I once wrote a study called “computer on the phone with his mother”:
I wrote this in my Sporth language. You can find the sporth code here.
The recipe to make speech sounds like this is reasonably straight forward to replicate in a modular synthesis environment (Csound, SC, PD, FAUST, etc). What this is doing is taking a narrow pulse wave and putting it through a series of bandpass filters tuned to formant frequencies. Interpolating between the formant values gives it the “talky” effect. Randomly interpolating between formant values makes it “babble”. I also added some pauses, which makes it feel more like words in a language. The breaks are what give it personality (similarly, in singing synthesis, choosing the right vibrato makes a world of difference).
There’s also stuff like espeak and festival which I’ve used in the past to generate electronic speech.
Thanks for all of this. I’m excited to see what others have been using as well. I’ve been experimenting with synthetic speech as well and a lot of these notes are inspiring. One point of inspiration has been the group Visible Cloaks and their use of synthetic speech that generates MIDI data, which they refer to as ‘imprinting.’ Here’s a recent interview that they discuss the process:
Ryan brought up the idea of using the “text-to-music” (TTM) function in the generative music program Wotja to create the starting point for a piece. It’s an extension of a creative process I have come to call “imprinting” — using text or musical fragments to generate a digital representation of it in MIDI, then using it as a building block in the construction of a more complex arrangement.
big favorite is pink trombone
I sample this often in my digitakt for make weird wobbly
I love play with it when listen to music also, is like the uncanny valley
of robot vox! I imagine a poorly render robot comes to town singing
all your favorite medieval hits!
aaaaaaaw waaaw wawawa lalaaa llaa la!
There is a very cool device that is exploring those concepts: Pocket Operator PO-35 speak. It’s maybe overly minimalistic to make entire tunes in but as an immediate voice sampler with vocoding, vowel synthesis, and autotune it’s rather impressive.
Playing with it enables you to employ some of the creative strategies that @PaulBatchelor talked about above. If you’d like I can record a demo.
There’s a pretty good interview with the creator of the device that includes some technical detail:
This is the one
Paul Lansky – of RadioHead Fame was our Composer in Residence and he showed us this
piece and he played to a group of grads and undergrads the first .mp3 of a file
and then he sent it to everyone in a mail and we all were floored …hahahaha
I just wanted to say thank you for the Diana Deutsch link - very interesting to me!

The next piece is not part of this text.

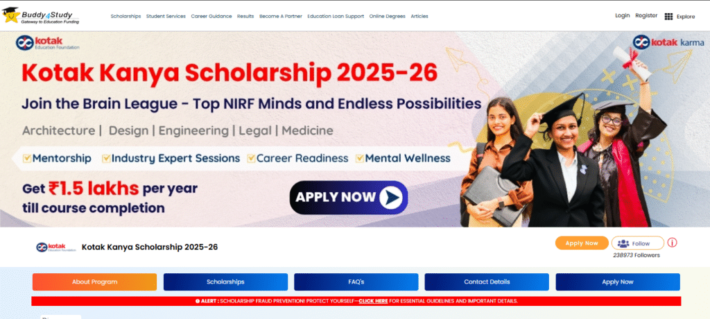 - STEP 1: All the students who want to avail the benefits of the Kotak Kanya Scholarship are requested to visit the https://www.buddy4study.com.
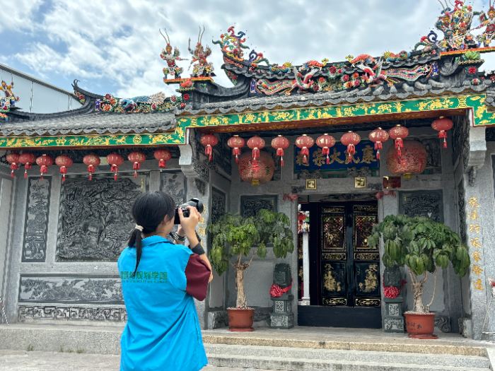 康氏祠堂内,实践队与这座百年古建筑展开了一场跨越代际的对话。梁架间的金漆木雕流光溢彩,屋顶的嵌瓷在光影中熠熠生辉,墙壁上的石雕栩栩如生——这些精美的潮汕传统工艺,不仅是宗祠的华丽装点,更承载着当地居民对先祖的崇敬之心,以及对本土文化的深刻认同与代代传承。

I’ve been experimenting with singing poetry in the past year or so, and this experiment really resonates - it seems a very clear example of how deeply linked song & speech seem to be.

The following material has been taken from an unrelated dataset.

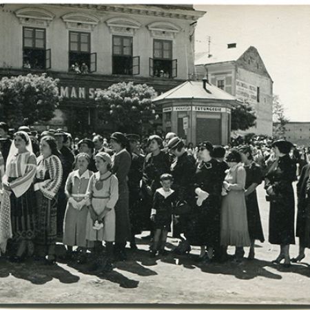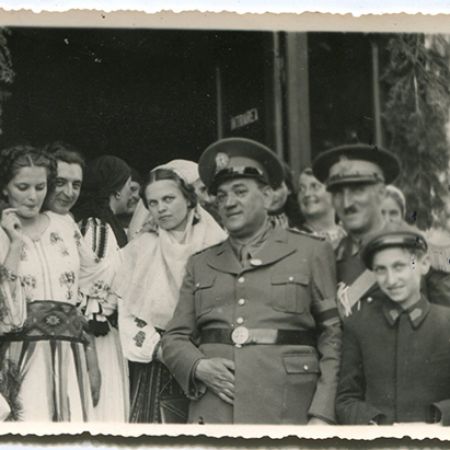 Descriere: fotografie de exterior, militari și femei îmbrăcate în port popular pe stradă, probabil la o sărbătoare a orașului Tg Jiu;

I experienced the effect of the non-repeated phrase seeming to “sing out” in the second example - but somehow I can’t think of the effect as necessarily illusory - it feels to me more like an exaggeration of something that is already there, that the initial repetition sensitises one to the musical/tonal quality already inherent in the speech, only occluded by our habit of just focusing on the words, as it were… maybe it’s our usual way of hearing speech that’s the illusion.
(It reminded me also of an experiment/workshop-thing I have a recording of John C Lilly doing, which is a single word (“cogitate” in this instance) looped over & over - doesn’t take long before most people start hearing a whole range of different words/short phrases.)

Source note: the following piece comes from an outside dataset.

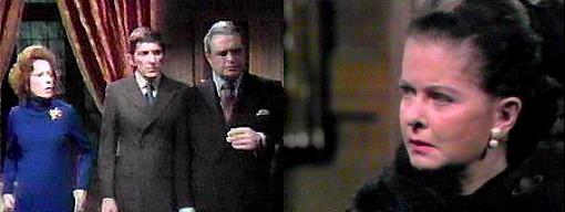 Elizabeth suddenly bustles in, annoyed--"Barnabas, Julia!--really, the three of you are impossible --you're very late!" Late for what? asks Julia. "Have you forgotten?" asks Liz--"the opening of the historical center--I wouldn't have come back, but Roger forgot his speech--so do let's hurry--Eliot, I know that Barnabas and Julia are always pre-occupied, but it's not like you to forget something we've been planning for so long!" Stokes apologizes--it slipped my mind, he says. As Liz looks through papers on the desk for the speech, Julia hesitantly asks, are David and Hallie there? Of course! says Liz. And Quentin and Carolyn? queries Barnabas. Where else would they be? asks Liz, finally finding what she's looking for. Where indeed? echoes Barnabas. Liz tucks the speech under her arm--it's so like Roger, she says--he hates making speeches--why are all of you staring at me so strangely? It's so nice to see you, says Julia. Thank you, says Liz--it's really been a warm and cozy winter, hasn't it?--so calm and peaceful--I've quite enjoyed it--shall we go?--you can drive in with me. We'd be delighted, says Stokes, following her out. I found the most incredible thing in the West Wing this afternoon, says Liz (Mike R. Phone makes an appearance in the corner of the screen)--I'm going to give it to the Historical Society tonight--I found a journal written by an ancestor of mine called Flora Collins (Barnabas exchanges looks with Julia)--I don't believe I've ever heard her mentioned--I understand she's written many novels--we must find and read them. It should be most interesting, agrees Stokes. He and Liz leave the house. So, says Barnabas, the ghosts of Gerard and Daphne never came here. We changed all their lives by being in 1840, says Julia. As well as ours, agrees Barnabas--think back to 1840, Julia, those stairways are likely no more--Desmond has probably destroyed them by now. We'll never forget any of them, says Julia. Never, he says. Together, they walk into the camera--and DARK SHADOWS history.

(& random things about whistled/tonal languages, mythical stories about the secret wisdoms of birds, and contented gorillas humming happy songs to themselves as they eat, eatc)
In the speech synthesis world, sampling a voice is sometimes referred to as “voice banking”. I’ve never done it, but I’ve heard it can be rather labor intensive. This PDF on building a voice bank in UTAU. There could be some hints there.
“Rare Phonemes” gave me a good chuckle. Looking up IPA phonemes on wikipedia can be a bit of a rabbit hole. I particularly enjoy listening to the Voiced Epiglottal Trill, which I think sounds just like Homer Simpson drooling.